• TRY IT
Transcribe the data exactly, omitting whatever pictures it holds.

• SOURCE MATERIAL

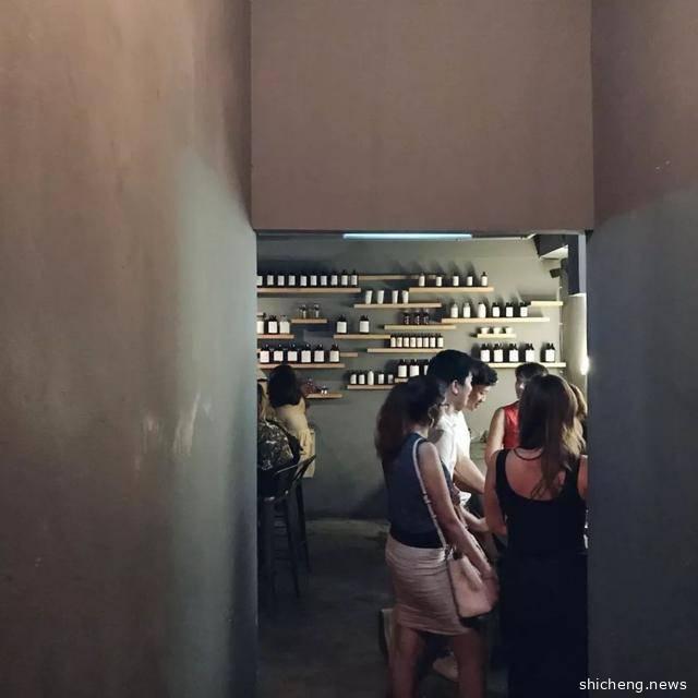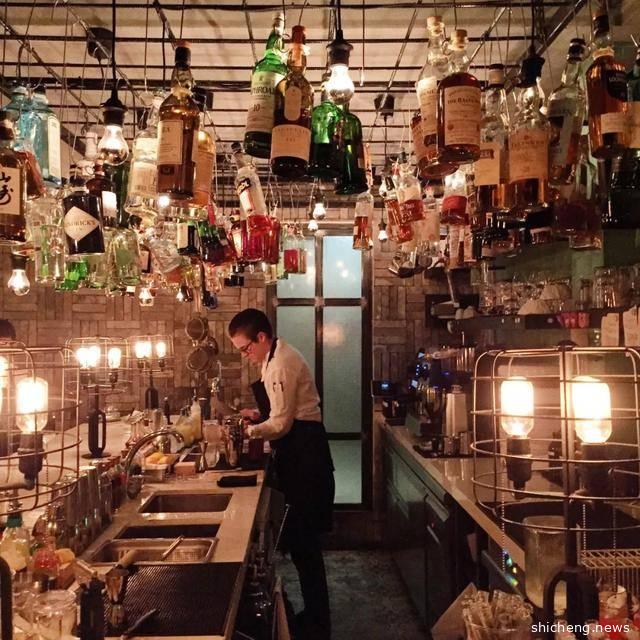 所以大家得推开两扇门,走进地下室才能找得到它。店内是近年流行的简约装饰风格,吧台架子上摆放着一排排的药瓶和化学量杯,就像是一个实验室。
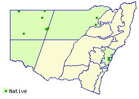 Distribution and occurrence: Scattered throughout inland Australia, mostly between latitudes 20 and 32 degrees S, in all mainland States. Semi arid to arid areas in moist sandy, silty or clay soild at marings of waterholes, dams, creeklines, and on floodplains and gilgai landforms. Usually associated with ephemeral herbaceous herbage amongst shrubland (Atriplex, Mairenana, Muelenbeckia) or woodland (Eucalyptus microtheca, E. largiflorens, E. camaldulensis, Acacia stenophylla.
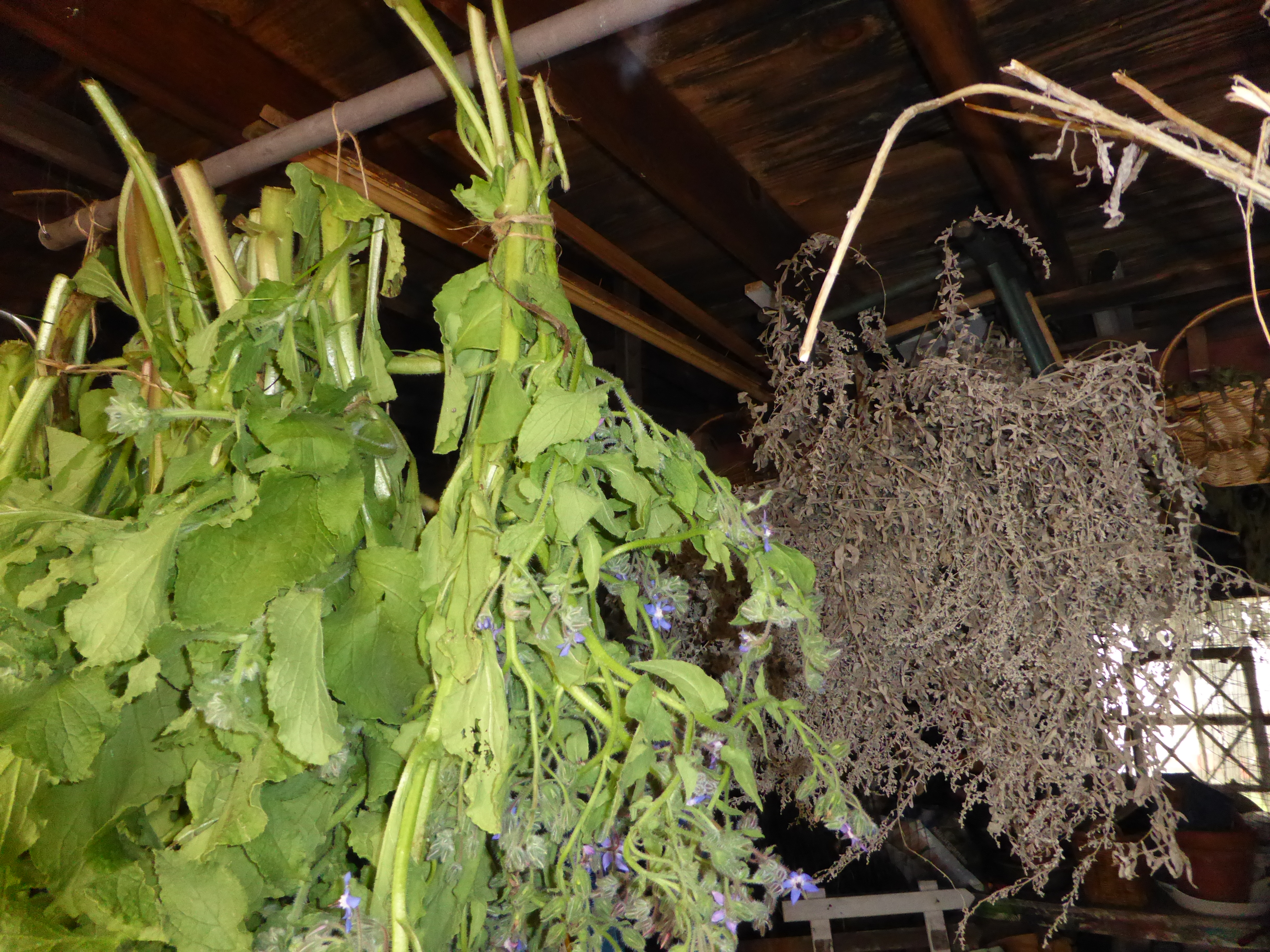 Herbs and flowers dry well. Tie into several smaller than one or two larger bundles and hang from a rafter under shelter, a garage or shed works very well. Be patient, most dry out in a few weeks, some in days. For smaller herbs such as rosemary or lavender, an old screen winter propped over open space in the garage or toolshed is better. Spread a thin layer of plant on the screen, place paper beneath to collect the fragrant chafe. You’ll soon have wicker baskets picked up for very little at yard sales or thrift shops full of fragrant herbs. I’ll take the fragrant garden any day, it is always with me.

• ANSWER SECTION
 所以大家得推开两扇门,走进地下室才能找得到它。店内是近年流行的简约装饰风格,吧台架子上摆放着一排排的药瓶和化学量杯,就像是一个实验室。
 Distribution and occurrence: Scattered throughout inland Australia, mostly between latitudes 20 and 32 degrees S, in all mainland States. Semi arid to arid areas in moist sandy, silty or clay soild at marings of waterholes, dams, creeklines, and on floodplains and gilgai landforms. Usually associated with ephemeral herbaceous herbage amongst shrubland (Atriplex, Mairenana, Muelenbeckia) or woodland (Eucalyptus microtheca, E. largiflorens, E. camaldulensis, Acacia stenophylla.
 Herbs and flowers dry well. Tie into several smaller than one or two larger bundles and hang from a rafter under shelter, a garage or shed works very well. Be patient, most dry out in a few weeks, some in days. For smaller herbs such as rosemary or lavender, an old screen winter propped over open space in the garage or toolshed is better. Spread a thin layer of plant on the screen, place paper beneath to collect the fragrant chafe. You’ll soon have wicker baskets picked up for very little at yard sales or thrift shops full of fragrant herbs. I’ll take the fragrant garden any day, it is always with me.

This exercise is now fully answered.